An electronically actuated locking differential includes a gear case having opposite first and second ends, a differential gear set disposed in the gear case, a lock plate disposed at the gear case first end and configured to selectively engage the differential gear set, and an electronic actuator disposed at the gear case second end and coupled to the lock plate via at least one rod. The electronic actuator is operable between an unlocked first mode where the lock plate does not lockingly engage the differential gear set, and a locked second mode where the electronic actuator pulls the at least one rod to thereby pull the lock plate into locking engagement with the differential gear set to thereby lock a pair of axle shafts.

Claims

1. An electronically actuated locking differential comprising: a gear case having a first end and an opposite bell end, the gear case defining a gear chamber between the first end and the opposite bell end; a differential gear set disposed in the gear case, the differential gear set including a first side gear and a second side gear; a lock plate disposed at the gear case first end and configured to selectively engage the differential gear set; an electronic actuator disposed at the gear case bell end and coupled to the lock plate via at least one rod, the electronic actuator including a stator and an armature, the stator having an electromagnetic coil that, when energized, causes the armature and the at least one rod to move toward the stator, wherein the at least one rod includes a larger diameter first end coupled to the lock plate and an opposite second end coupled to the armature; and a biasing mechanism disposed in the gear chamber between the first side gear and the lock plate, the biasing mechanism comprising a wave spring disposed exclusively inboard of the at least one rod and configured to bias the lock plate out of engagement with the first side gear; wherein the electronic actuator is operable between an unlocked first mode where the lock plate does not lockingly engage the differential gear set, and a locked second mode where the electronic actuator pulls the at least one rod to thereby pull the lock plate into locking engagement with the differential gear set to thereby lock a pair of axle shafts, the lock plate configured to selectively lockingly engage the first side gear in the locked second mode.

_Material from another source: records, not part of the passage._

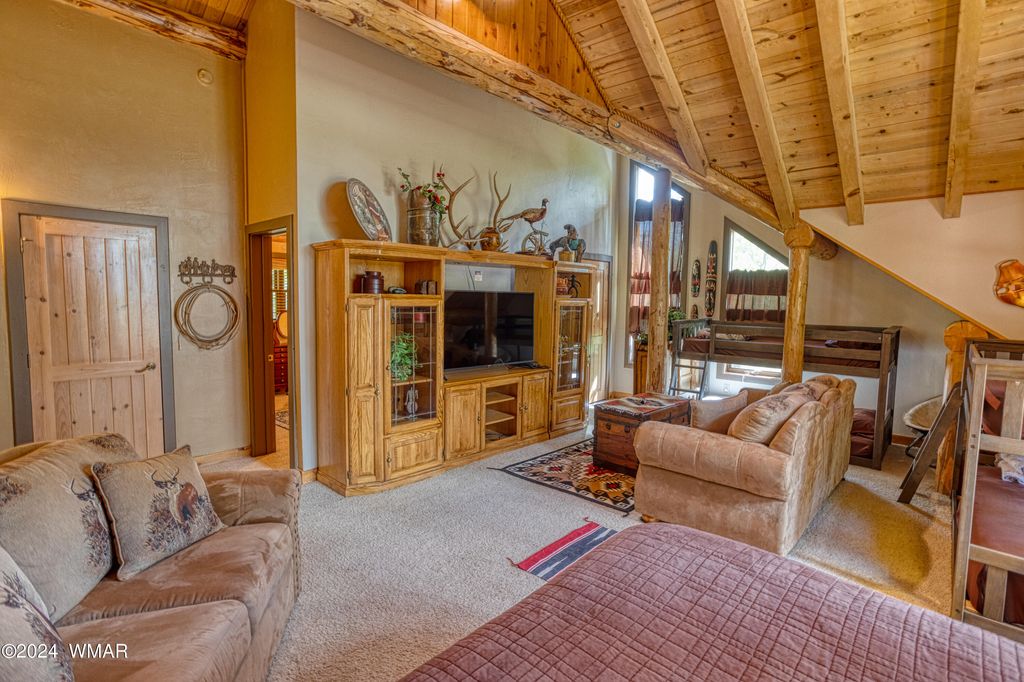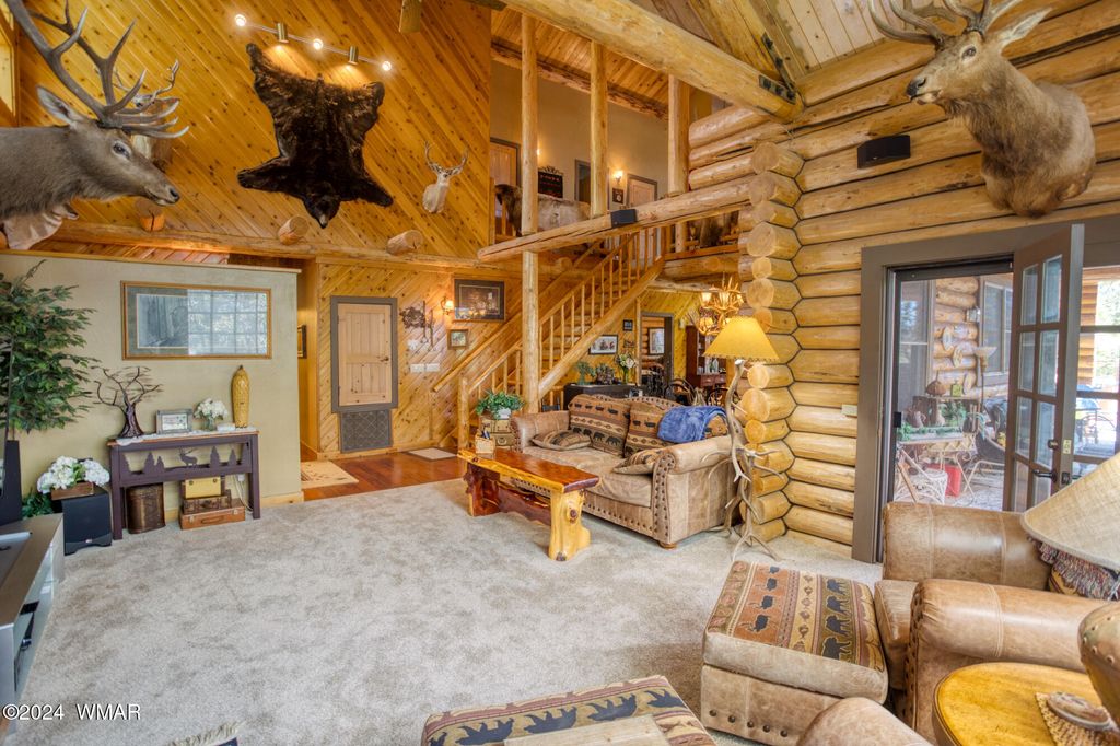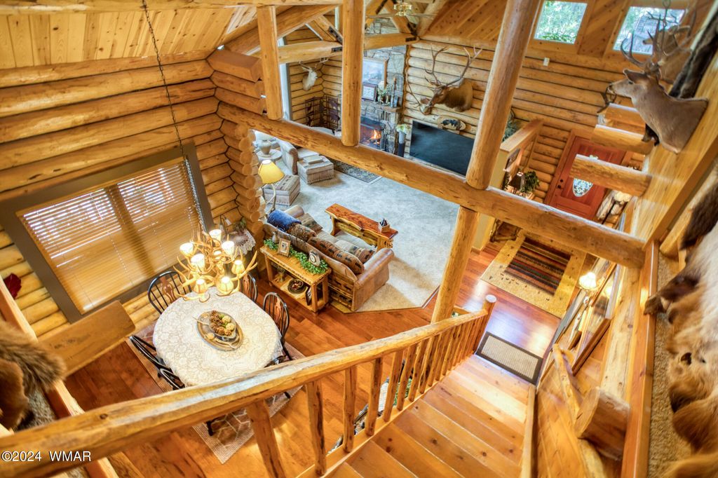 Fabulous Custom Log Home with Amazing Views! This home has it all! Absolutely stellar log construction, high vaulted ceilings, great decks and even a crow's nest deck off the 3rd floor loft. Quiet and secluded neighborhood at the south end of Pinetop Country Club without the HOA. Gated driveway and fully landscaped yard with tons of green ground cover creating a lush garden environment for enjoying the outdoors. Large Ponderosa Pines, Oaks, and Aspen adorn this amazing hillside property. Large double-door oversized garage for all your toys! Even an amazing game room is included! When you step into this home, you are immediately in awe, where design and craftsmanship are prominently displayed in every room! Truly a home like no other for you and your future generations to enjoy
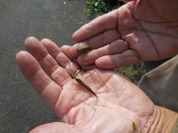 田んぼの中には、ミズカマキリとヤゴもいました。
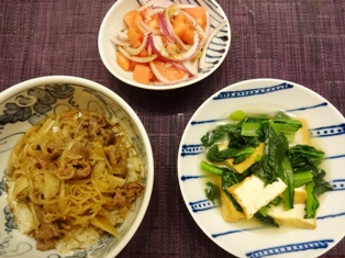 ごぼう入り牛丼小松菜と厚揚げの煮びたしトマトと紫玉ねぎの甘酢漬け * * * * * * * * * * * * *
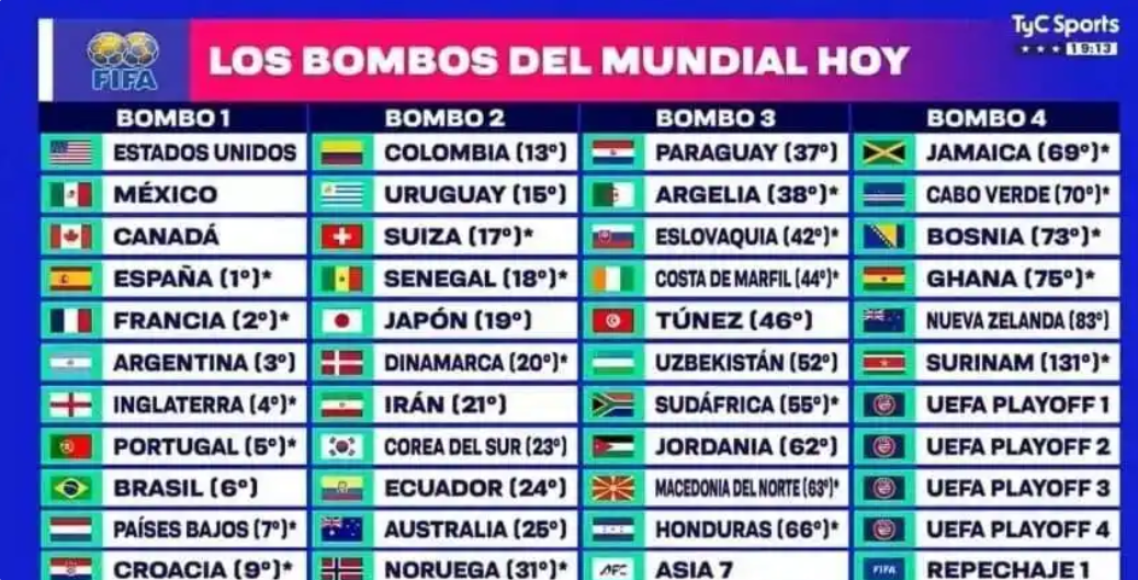球队分档将根据国际足联排名确定:第一档为东道主加排名最高的9支队伍。
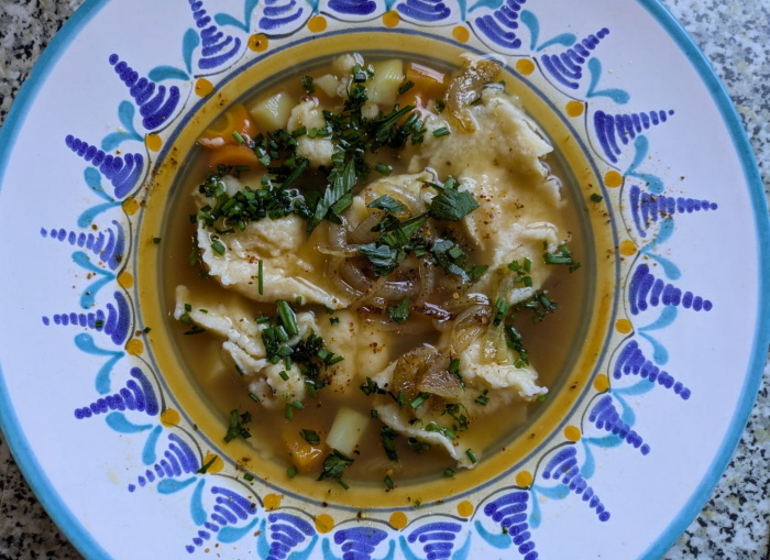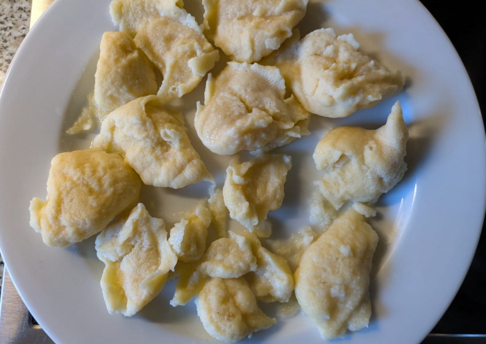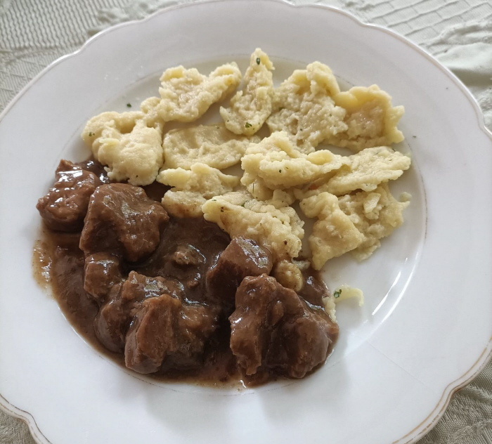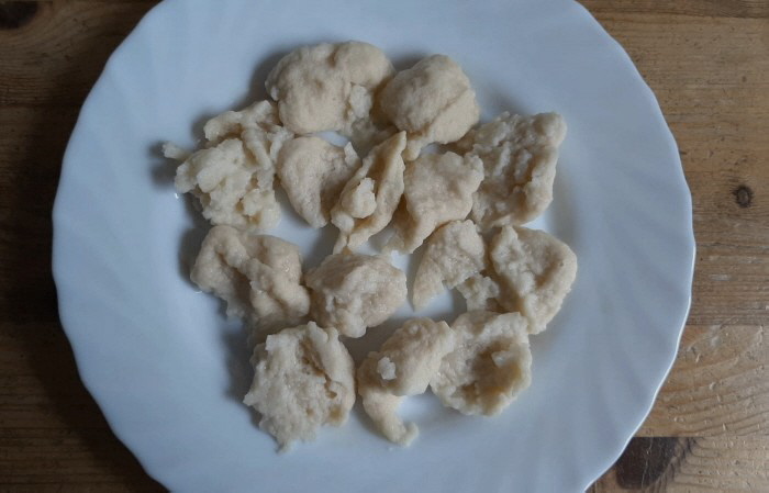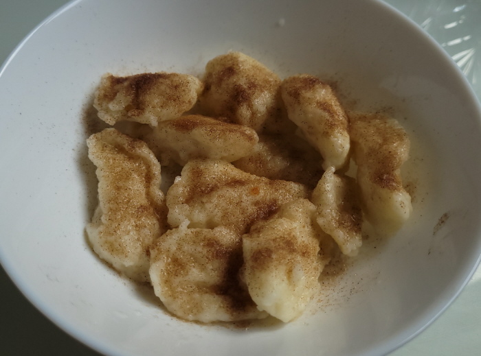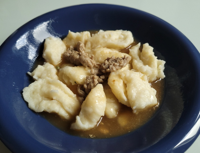 Verschiedene Worte für das gleiche Dingens: Kneppcher, Mehlknepp, Mehlklößchen, Mehlspatzen, Wasserspatzen Das Rezept dafür steht unter der Kommentarfunktion. Es stand auch im Tagebuch und es gab ja die Mitmachaktion. Heute ist also der Kneppchestag Acht Seelenfärbler haben mitgemacht ... die Bilder und Texte dazu zeige ich heute: Christa ![]() Vielen Dank für die Anregung. In Berlin sagt man Eierklößchen dazu. Da wir ja keine Spätzle machen, ist das eine andere Variante in Teig. Wir essen sie so als Ersatz für Kartoffeln, Klöße oder eben Spätzle, Aber auch in Brühe oder im Eintopf. Außerdem werden die übrig gebliebenen mit Ei gebraten. Ich habe sie heute schnell zu Gulasch gemacht und schicke Dir ein Bild. Regina aus Berlin ![]() Lieber Engelbert, ich habe gerade die Knuppersche probiert. Nach deiner Anleitung sind sie prima geworden. ![]() Die Hälfte gab es gerade bei mir zum Mittag mit Gulasch und Mischgemüse. Ich habe die Teigmenge für eine Person mit einem Ei gemacht. Ging super. Christine b ![]() Habe gleich gestern die Kneppcher = Mehlnockerl gemacht ... zum Fisolengulasch (Bohnengulasch). Da ich die Nockerl mit Buchweizen- und Dinkelmehl machte, sind sie dunkler. Mir schmecken Spätzle besser als die Kneppcher. Engelbert ![]() Einmal mit Hackfleisch-Pfeffer-Soße. ![]() Und einmal mit Zucker und Zimt. ReginaE Kreppsche habe ich zum ersten Mal gemacht. Ich schabe gerne Spätzle etwas dicker, die sind dann länger. Was auch geht, in die Masse klein geschnittene gerauchte Schinkenwurst rein und dann ähnlich wie die Kreppsche in Salzwasser gegart. Ich brate sie nochmals kurz an und dazu gibt es Salat. Es ist so etwas wie ein Wohlfühlessen :). ![]() So sehen die Kreppsche bei einer Menge von zwei Eiern aus. ![]() Und knapp die Hälfte in einer Gemüsesuppe auf einem tiefen Teller. Verwendet habe ich Rosenmehl Wiener Griesler. Chispeante ![]() Speisen mit vielen Zutaten sind für mich immer eine Herausforderung (viele = mehr als 1 Zutat). Aber ich weiß zufällig wie der Spätzleteig sein muss und die Knepp sind top geworden!!! Schnecke ![]() Hier meine Kneppches aus Dinkelmehl als Suppe... hat mich an Grießnockerl erinnert, nur dass ich da statt Milch noch etwas Backpulver und Butter reintue. Durch den Dinkel etwas "kernig", naja, Grießnocken mag ich lieber ... Oktoberfee ![]() Sie sind mir gut gelungen und haben gut geschmeckt, was für mich keine Überraschung war. Die Mehlknepp sind den fränkischen Mehlklößen sehr ähnlich. Bei Letzteren kommt in den Teig noch geröstetes Knödelbrot hinein und sie werden mit einem Eßlöffel abgestochen. Aber ansonsten die gleiche Vorgehensweise. Dazu gab es ausgelöstes und gebratenes Hähnchenschenkelfleisch in Pfeffersoße mit frischem grünen Pfeffer. Insgesamt ein gutes Gericht das ich bestimmt noch öfter machen werde. ![]() Den Rest hab ich in der Pfanne gebraten und mit Pfefferbrösel bestreut. Sind ein bißchen dunkel geworden schmecken aber köstlich. Dazu gab‘s das restliche Huhn in Pfeffersoße. Branwen ![]() Weil noch Soße von den Rouladen übrig war, hab ich heute Abend die Mehlknepp ausprobiert. Hatte ich ja noch nie gegessen. War lecker und ich kann mir vorstellen, dass sie zu Gulasch sehr gut schmecken. ![]() Und weil ich neugierig war, hab ich sie dann gleich noch mit Zimtzucker probiert. Ich wünschte, ich hätte noch heiße Kirschen dazu gehabt. Auch lecker. Hab ich bestimmt nicht zum letzten Mal gemacht.

2. The electronically actuated locking differential of claim 1, wherein the lock plate is disposed outboard of the first side gear, and the electronic actuator is disposed outboard of the second side gear.

3. The electronically actuated locking differential of claim 2, wherein the first side gear is disposed between the lock plate and the second side gear, and the second side gear is disposed between the first side gear and the electronic actuator.

4. The electronically actuated locking differential of claim 2, wherein the first and second side gears are disposed between the lock plate and the electronic actuator.

5. The electronically actuated locking differential of claim 1, wherein the lock plate has a plurality of protrusions on an outer circumference of the lock plate.

6. The electronically actuated locking differential of claim 5, wherein the plurality of protrusions are received within slots formed in an inner wall of the gear case.

7. The electronically actuated locking differential of claim 5, wherein each protrusion of the plurality of protrusions defines an aperture configured to receive the at least one rod therethrough.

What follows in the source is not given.